• _What you are asked to do_
Among the entries below, which lines run from the line with "Блок предохранителей расположен" through the line with "Note 11T潮流限定版是在Note 11T"? Retype those, both ends included, exactly and without pictures.

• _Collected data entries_
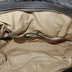 very nice grey leather Cole Haan purse. crossbody strap. great condition.
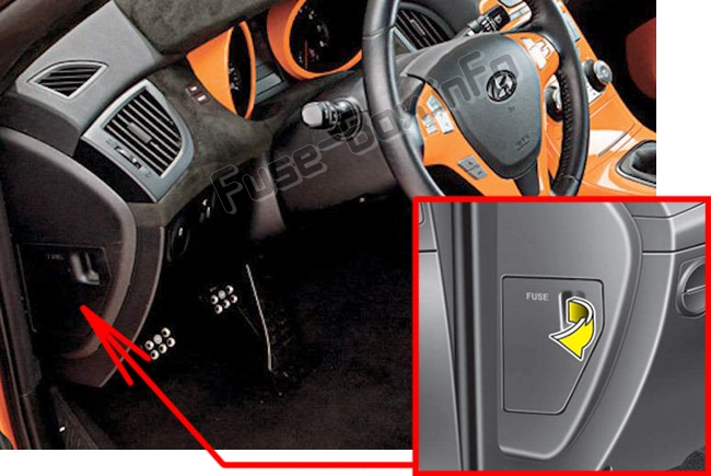 Блок предохранителей расположен на стороне водителя панели приборов, за крышкой.The location of the fuses in the passenger compartment: Hyundai Genesis Coupe (2009-2016)
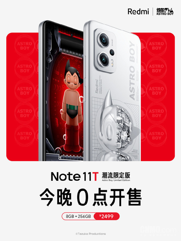 Note 11T潮流限定版是在Note 11T Pro+基础上打造而来的限量版机型,因此在外观方面是比较独特的。在正面,Note 11T潮流限定版打开可以看到阿童木开机动画、机械感图标和专属充电显示图标。而在背部,该机采用半透明机械形象和铂金浮雕工艺,精致而有趣。
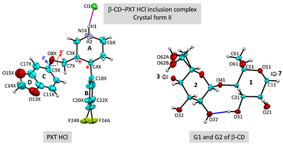 The crystal structure of the β-CD–PXT complex in the triclinic system (form II) was solved by the intrinsic phasing method with SHELXTL XT [54], providing all non-H atoms of β-CD and PXT molecules with full site occupation, hence the host–guest stoichiometric ratio was 1:1. The missing non-H atoms of solvents (water and ethanol) and chloride ions were located by difference Fourier electron density maps graphically assisted by WinCoot [56]. The protonated PXT molecule (at N1X axial position, H2) was counterbalanced and directly coordinated (at N1X equatorial position, H1) by a fully occupied chloride (Figure 1), as normally observed in the crystal structures of TCAs and SSRIs in free HCl salt form. By contrast, most crystal structures of the β-CD encapsulation of TCAs and SSRIs had two half-occupied chlorides, which were not in direct contact with the protonated drugs, as pointed out in our previous works [33,34].
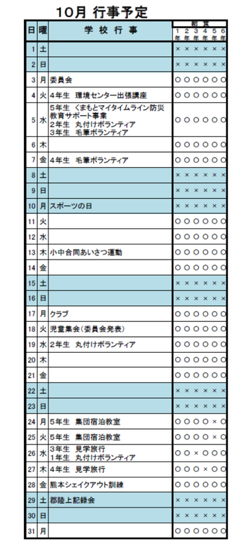 花丸10月の行事予定です。感染症の拡大状況やその他の理由により変更になる場合があります。必ず、学級通信にてご確認をお願いします。また、下校時刻につきましても学級通信にてお知らせいたします。
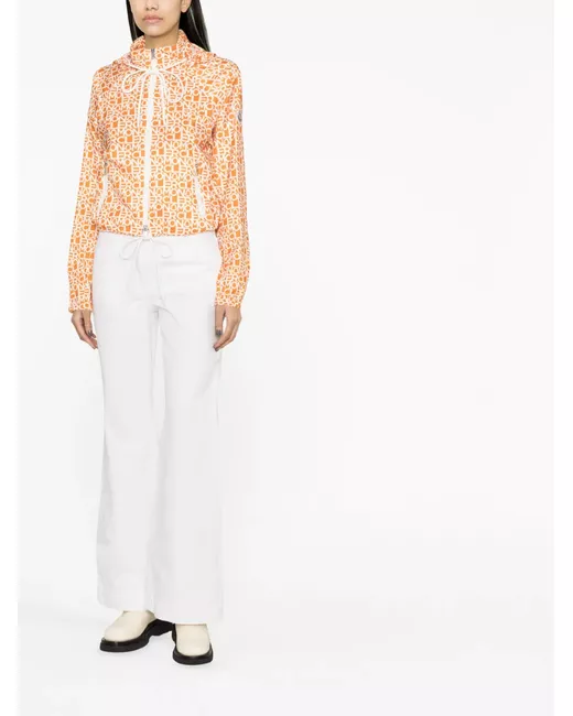 bright orange all-over logo print high neck concealed hood front two-way zip fastening long raglan sleeves elasticated cuffs two side zip-fastening pockets drawstring hem
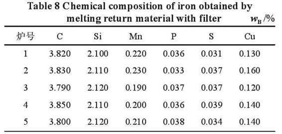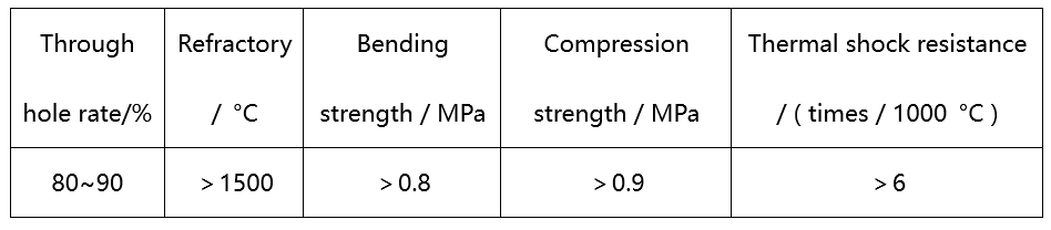 3. Classification and characteristics of filter network In the process of cast iron production, foam ceramic filter, fiber filter and honeycomb ceramic straight hole filter should be the most. Through long-term production practice comparison, the three kinds of filters have different characteristics. 1)Fiber filter mesh: It is a mesh with certain stiffness, which is made on the basis of high silica glass fiber mesh cloth and die yarn mesh cloth as the substrate surface, coated with high temperature resistant coating and special drying treatment. It has the effect of mechanical interception and rectification of dross, and can filter out inclusions larger than the mesh size. Compared with the ceramic foam filter, the fiber filter does not have the slag blocking effect that produces deep adsorption effect, so the purification effect of fiber filter on metal liquid is general. The biggest advantages of the filter are simple fabrication, light weight, low price, almost no cavity space, no ignition, low gas production, and resistance to metal melt erosion. In addition, the size can be cut on demand according to different casting methods and gating system types. Can be used for non-ferrous alloy casting, can also be used for cast steel and cast iron. General fiber filter process performance as shown in table 1. Table 1 Process performance of fiber filter 2)Foam ceramic filter: Polyurethane foam is cut into the required shape ( generally block and round ), and then put into the ceramic slurry to fully soak, to be adhered evenly and then dried and roasted. The filter has a skeleton structure of ternary mesh with continuous pores, about 85 % of the porosity, and has a skeletal surface area when contacting with metal liquid, which can produce deep adsorption effect. Therefore, the slag filtering effect is obvious. The process performance of foam ceramic filter is shown in table 2. Table 2 Process performance of foam ceramic filter 3)Honeycomb ceramic straight-hole filter: a high strength filter made of mullite (cordierite) ceramic material is designed to ensure the balance between strength and metal flow. It has very high working strength at high temperature, thermal shock resistance and metal liquid thermal shock resistance. It has high room temperature strength and mechanical shock resistance, and generally does not appear rupture and damage during transportation and use. It can effectively reduce the metal liquid turbulence caused by pouring and make filling smooth. It has a large metal flow rate, and the flow rate is relatively stable. Even if the inclusion content in the metal liquid is large, the filter network is not easy to be blocked in the use process. Can be widely used in non-ferrous alloy and black metal casting process.
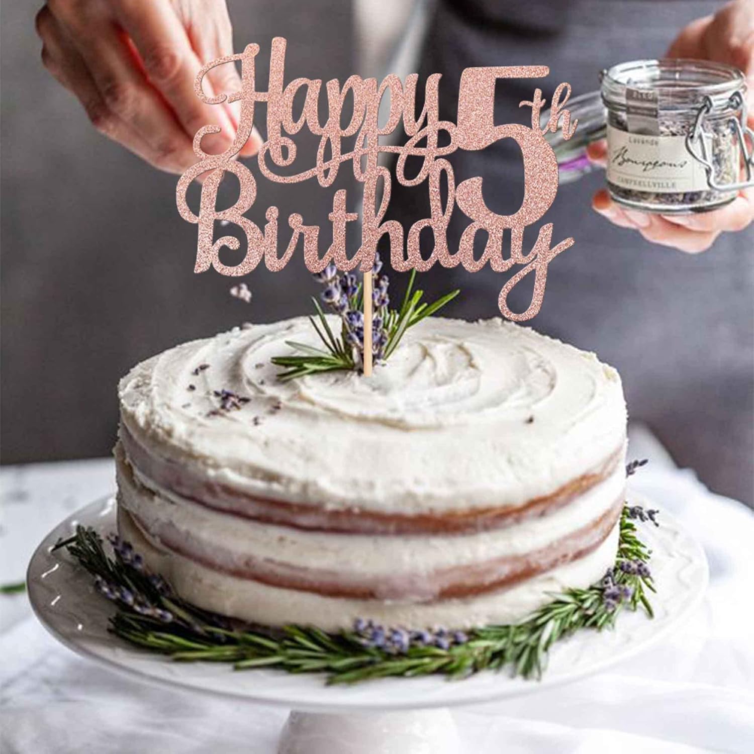 1 PCS Happy 5th Birthday Cake Topper Glitter Cheers to 5 Years Cake Pick Number 5 Fabulous Cake Decoration for 5th Birthday Theme Party Decorations Supplies Rose Gold
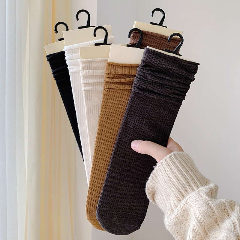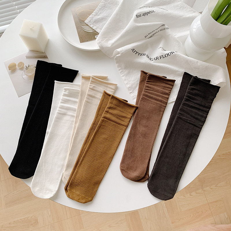 Пара носков осенью должна быть ее японской вертикальной сплошной ретро -куча хлопковых носков

• _Exercise solution_
 Блок предохранителей расположен на стороне водителя панели приборов, за крышкой.The location of the fuses in the passenger compartment: Hyundai Genesis Coupe (2009-2016)
 Note 11T潮流限定版是在Note 11T Pro+基础上打造而来的限量版机型,因此在外观方面是比较独特的。在正面,Note 11T潮流限定版打开可以看到阿童木开机动画、机械感图标和专属充电显示图标。而在背部,该机采用半透明机械形象和铂金浮雕工艺,精致而有趣。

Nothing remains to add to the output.